Using the data that follows, output only the lines from the line with "Tungnath is at" up to and including the line with "证券之星消息,截至2025年", exactly, leaving pictures aside.

### STORED DATA

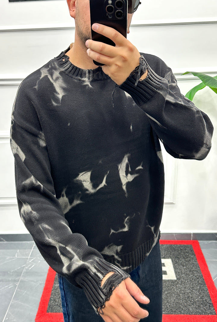 PULLOVER CON DETTAGLI CANDEGGIATI E ROTTURE
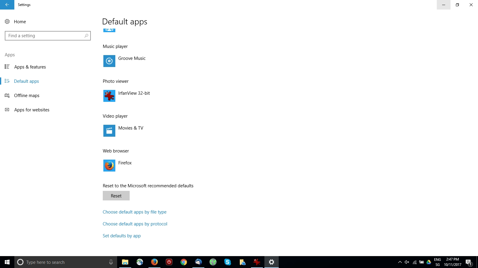 a) Hit the Start button and type "default" (without quotes). Click on Default app Settings.
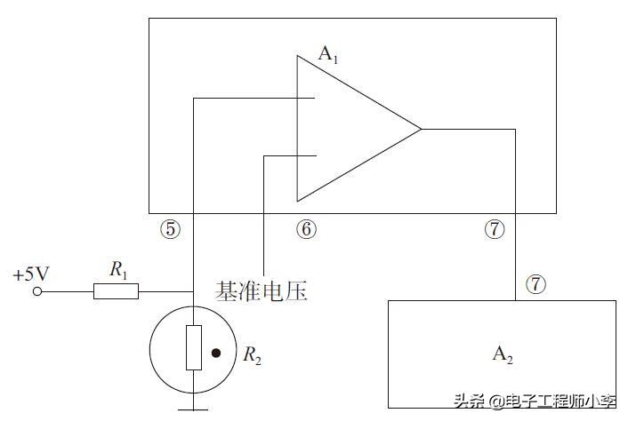 电压比较器集成电路:当A1的⑤脚直流电压大于⑥脚直流电压时,⑦脚输出高电平给集成电路A2的⑦脚。当A1的⑤脚直流电压低于⑥脚直流电压时,⑦脚输出低电平给集成电路A2的⑦脚。由此可知,集成电路A1的⑦脚输出状态由⑤脚和⑥脚之间的相对电压高低决定。
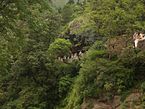 Tungnath is at the top of the ridge dividing the waters of the Mandakini River (raising from Kedarnath) from those of the Alaknanda River (raising above Badrinath). The Tungnath peak on this ridge is the source of three springs, which form the Akashkamini River. The temple lies about 2 km (1.2 mi) below the Chandrashila Peak (3,690 m (12,106 ft)). The road to Chopta is just below this ridge and hence provides the shortest bridle approach path for trekking to the temple from Chopta, over a short distance of about 5 km (3.1 mi). From the top of the Chandrashila peak, picturesque views of the Himalayan range comprising snow peaks of Nanda Devi, Panch Chuli, Banderpoonch, Kedarnath, Chaukhamba and Neelkanth on one side, and the Garhwal valley on the opposite side could be witnessed. The valley between Chopta and Tunganath temple has wooded hills with rich alpine meadows with rhododendron coppices and also agricultural fields. The rhododendrons, when they are in full bloom during March, display dazzling colours ranging from crimson to pink. A high-altitude botanical station of the Garhwal University is located here. Nearing the top of the temple, there is a forest resthouse at Dugalibitta, just opposite to the Kedarnath range of hills. The Kedaranth Wild Life Sanctuary, also called the Kedarnath Musk Deer Sanctuary, set up in 1972 to preserve the endangered musk deer, which lies in the region, also has a musk deer breeding centre at Kharchula Kharak near Chopta.[12][13][14][15]
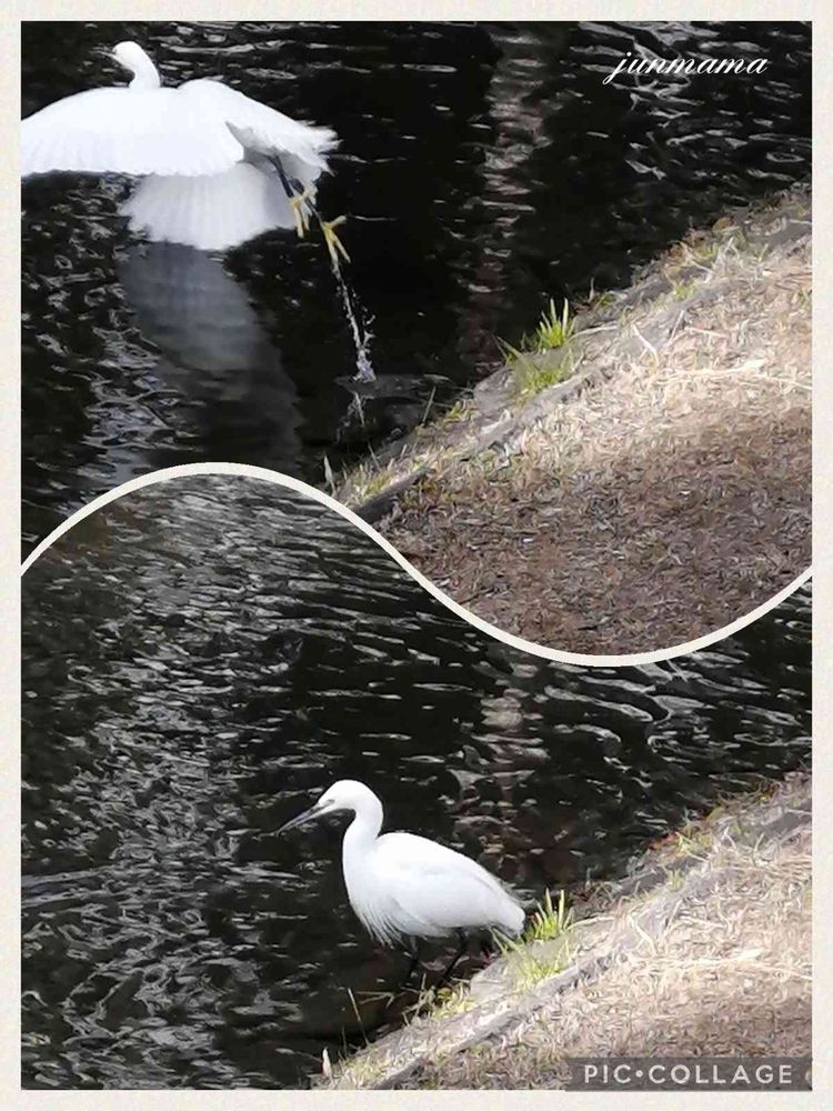 ここは、よく白鷺や青サギが餌を獲っています
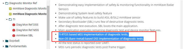 ARM端怎么实现无操作系统的诊断和监控功能,有没有例程可以提供?因为TI-ROTS没有通过功能安全认证,我们需要使用无操作系统NON-OS进行监控和诊断。
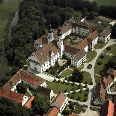Im Zentrum des Bildes die 1686 - 1701 errichtete Klosterkirche, daran im Osten anschließend der vierflügelige Konvent. Hinter der Kirche als Nordwestpavillon
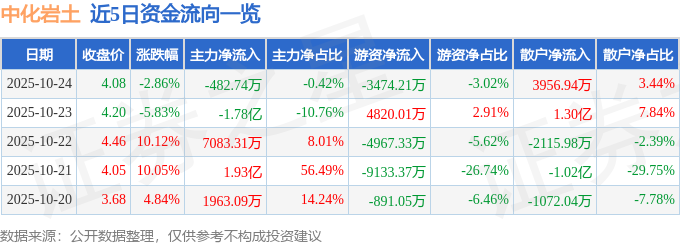 证券之星消息,截至2025年10月24日收盘,中化岩土(002542)报收于4.08元,下跌2.86%,换手率16.1%,成交量283.13万手,成交额11.49亿元。
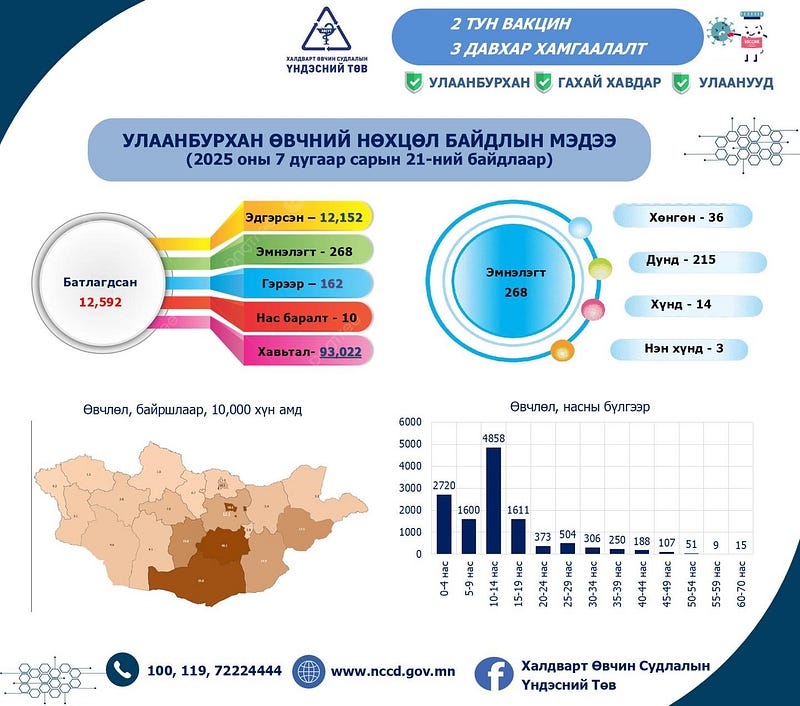 Улаанбурхан өвчний батлагдсан нийт тохиолдлын тоо долдугаар сарын 21-ны байдлаар 12592-д хүрч, 268 хүн эмнэлэгт хэвтэн эмчлүүлж байна. Нийт тохиолдлоос 12,152 хүн эдгэрсэн бол гэрээр 162 өвчтөн эмчлүүлж байна. Мөн нас баралтын тоо 10 хүрчээ. ХӨСҮТ-өөс хэрхэн урьдчилан сэргийлэх талаар тодруулахад, "Улаанбурхан өвчин нь халдварлалт өндөртэй ч вакцинаар сэргийлэгдэх боломжтой халдварт өвчин юм. Улаанбурхан өвчний батлагдсан тохиолдлын хавьтлаас улаанбурхнаар өвдөөгүй бол 72 цагийн дотор улаанбурханы эсрэг вакцинд хамрагдан өөрийгөө болон бусдыг улаанбурхан өвчнөөс хамгаалаарай." гэлээ.
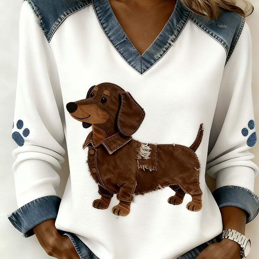 Paloma - Dámský retro top s V výstřihem, patchwork s potiskem zvířat, pohodlný a volného střihu
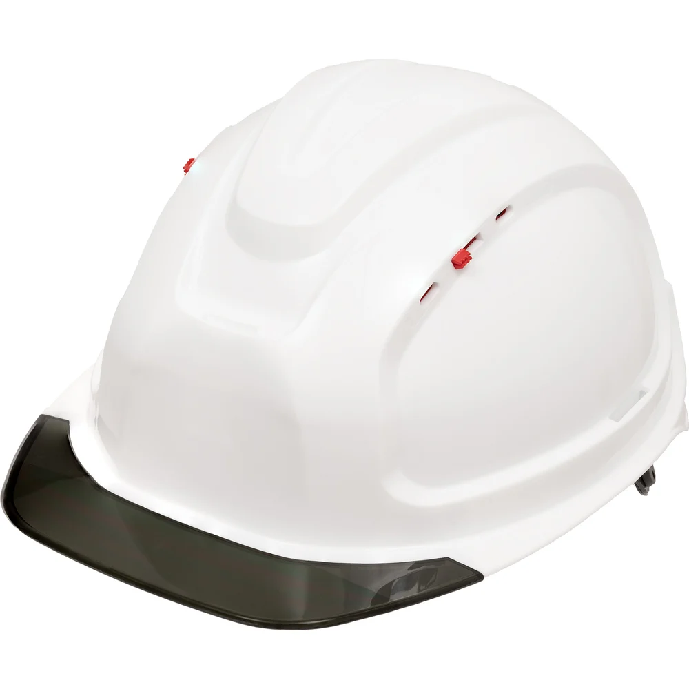 Защитная каска Gigant Alt Pro белая храповая регулировка c прозрачным серым козырьком GHAP-22 защищает голову пользователя от повреждений падающими предметами, от воздействия влаги, брызг металла, химических рисков. Область применения: погрузо-разгрузочные работы, машиностроение, монтаж и наладка оборудования, горно-добывающая промышленность, строительство и ЖКХ, металлургия, добыча и переработка нефти и газа, работы в зимний период и в IV климатическом поясе, работы в зонах с недостаточной освещенностью. Несущая лента внутренней оснастки имеет специальные крючки в затылочной части для крепления пелерины. 4-точечный подбородочный ремень крепится к корпусу каски при помощи карабинов, регулируется по длине при помощи пряжки, а для быстрого съема каски с головы пользователя установлена застежка.

######

REPLY TO THE TASK:
 Tungnath is at the top of the ridge dividing the waters of the Mandakini River (raising from Kedarnath) from those of the Alaknanda River (raising above Badrinath). The Tungnath peak on this ridge is the source of three springs, which form the Akashkamini River. The temple lies about 2 km (1.2 mi) below the Chandrashila Peak (3,690 m (12,106 ft)). The road to Chopta is just below this ridge and hence provides the shortest bridle approach path for trekking to the temple from Chopta, over a short distance of about 5 km (3.1 mi). From the top of the Chandrashila peak, picturesque views of the Himalayan range comprising snow peaks of Nanda Devi, Panch Chuli, Banderpoonch, Kedarnath, Chaukhamba and Neelkanth on one side, and the Garhwal valley on the opposite side could be witnessed. The valley between Chopta and Tunganath temple has wooded hills with rich alpine meadows with rhododendron coppices and also agricultural fields. The rhododendrons, when they are in full bloom during March, display dazzling colours ranging from crimson to pink. A high-altitude botanical station of the Garhwal University is located here. Nearing the top of the temple, there is a forest resthouse at Dugalibitta, just opposite to the Kedarnath range of hills. The Kedaranth Wild Life Sanctuary, also called the Kedarnath Musk Deer Sanctuary, set up in 1972 to preserve the endangered musk deer, which lies in the region, also has a musk deer breeding centre at Kharchula Kharak near Chopta.[12][13][14][15]
 ここは、よく白鷺や青サギが餌を獲っています
 ARM端怎么实现无操作系统的诊断和监控功能,有没有例程可以提供?因为TI-ROTS没有通过功能安全认证,我们需要使用无操作系统NON-OS进行监控和诊断。
Im Zentrum des Bildes die 1686 - 1701 errichtete Klosterkirche, daran im Osten anschließend der vierflügelige Konvent. Hinter der Kirche als Nordwestpavillon
 证券之星消息,截至2025年10月24日收盘,中化岩土(002542)报收于4.08元,下跌2.86%,换手率16.1%,成交量283.13万手,成交额11.49亿元。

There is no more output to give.